Insects-and-paper-airplanes

The Strad Issue: January 2011
Description: Rock music and gliding are among the inspirations behind a series of string quartets
Musicians: Daedalus Quartet, Benjamin Hochman (piano)
Composer: Dillon

It’s a rare achievement to combine rigorous intellectualism with wit, spontaneity and fun, but the chamber works by US composer Lawrence Dillon (currently composer in residence at the University of Carolina School of the Arts) featured on this disc achieve it magnificently. Taking the age-old forms of fugue, aria and rondo as his starting points, he constructs 21st-century explorations that embrace rock riffs, musical gusts of wind, the darting flight of insects and the graceful but doomed gliding of paper aeroplanes – the latter two giving the disc its title.

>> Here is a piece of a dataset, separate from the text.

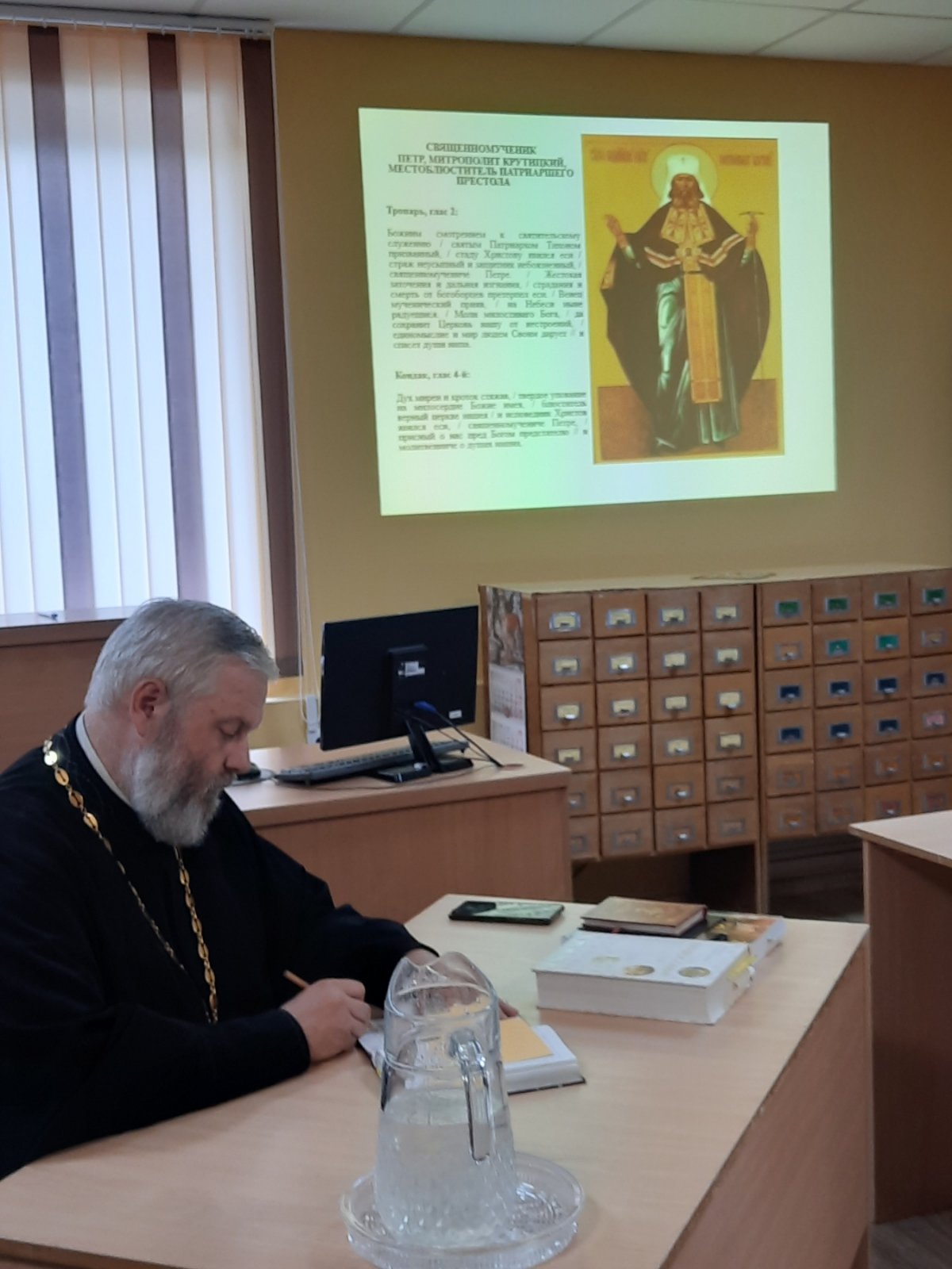 28 июля 2022 года состоялась очередная встреча слушателей школы православия «За советом к батюшке» с благочинным церквей Жабинковского округа протоиереем Сергием Петрусевичем. Бакун Н.Ф. рассказала о жизненном пути и исповедничестве местоблюстителя Патриаршего Местоблюстителя священномученика Петра (Полянского), митрополита Крутицкого. В продолжение изучения Божественной литургии протоиерей Сергий Петрусевич познакомил слушателей с прошениями сугубой ектении, ектении оглашенных и чинопоследованием Великого входа.

The players of the Daedalus Quartet, who premiered two of the three quartets, prove ideal performers in combining precise articulation with a real sense of enthusiasm and fun. They deliver the rock-inspired rhythms in the Fourth Quartet with an appropriate power and swagger, yet they are lithe and nimble in some of its fleeter passages. First violinist Min-Young Kim has some sweet-toned solos in the first movement, and there’s vibrant rhythmic playing from cellist Raman Ramakrishnan throughout the work. The players clearly relish the Second Quartet’s six depictions of flight, but ironically most impressive is the fifth movement playground tableau ‘Swings’, whose affecting melody of childlike simplicity they offer with poignant elegance and grace. The beautifully nuanced playing continues in the piano quartet What Happened, although the recording here seems to favour the piano, often at the expense of the strings.